# Fünf Gewinnt



## PeteDawinsky (19. Jun 2019)

Hallo,

als Anfänger wollte ich mir vornehmen ein Fünf Gewinnt Spiel zu programmieren.
Ich habe das Feld nun erstellt (10 x 10), sowie dass man bei 5 in einer Reihe gewinnt und dass  Spieler 1 und Spieler 2 jeweils abwechselnd am Zug sind.

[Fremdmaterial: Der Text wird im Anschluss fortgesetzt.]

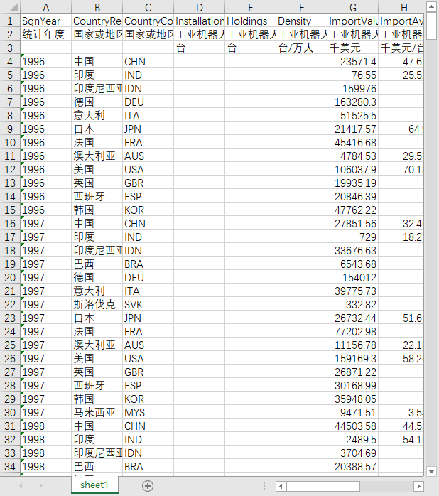 统计年度 国家或地区名称 国家或地区代码 工业机器人安装量 工业机器人保有量 工业机器人密度 工业机器人进口金额 工业机器人进口均价 工业机器人进口数量 工业机器人出口金额 工业机器人出口均价 工业机器人出口数量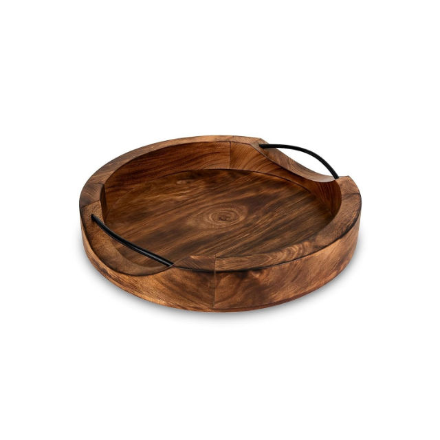 ถาดไม้ถือทรงกลมแบบโบราณกันน้ำใช้ในร่ม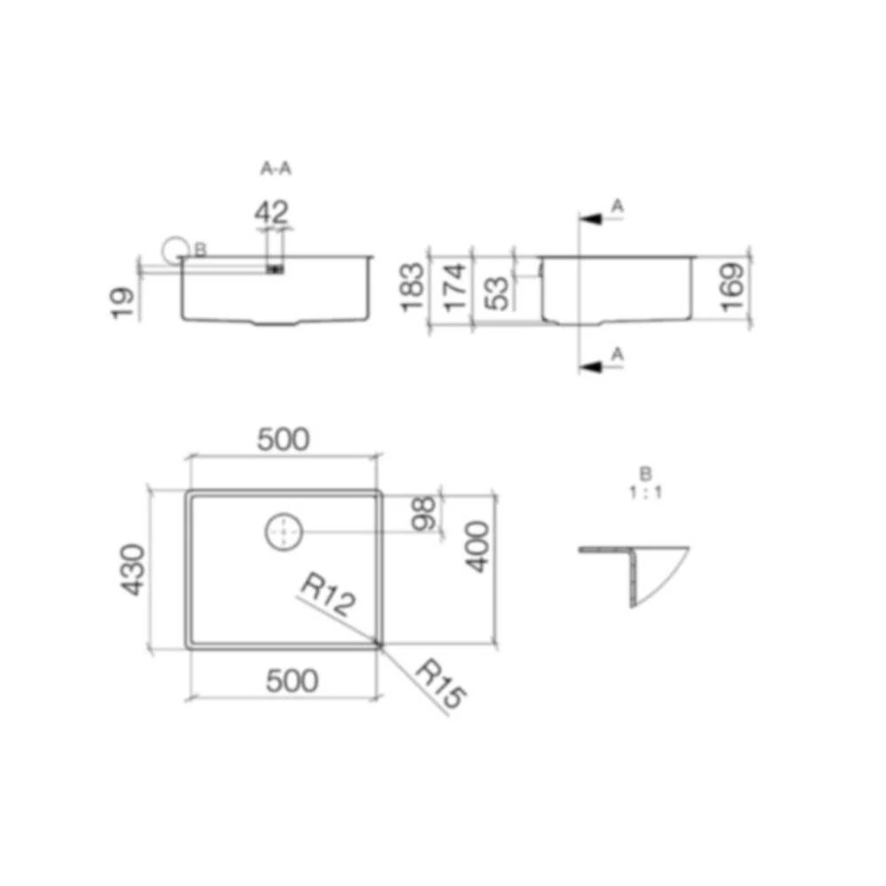 - Beckenabmessung: 500 x 400 x 175 mm

Soweit so gut, das Problem hiermit ist jedoch, dass das Programm die 5 in einer Reihe nicht registriert, wenn es in der unteren Hälfte des Spielfeldes geschieht.
In der oberen Hälfte ( d.h. 5x10), funktioniert alles einwandfrei.

Nun weiß ich jedoch nicht mehr weiter, da  keine Syntaxfehler enstanden sind und es völlig funktionstuechtig sein muesste.

_Ü_ber jegliche Hilfe wäre ich sehr erfreut und dankbar.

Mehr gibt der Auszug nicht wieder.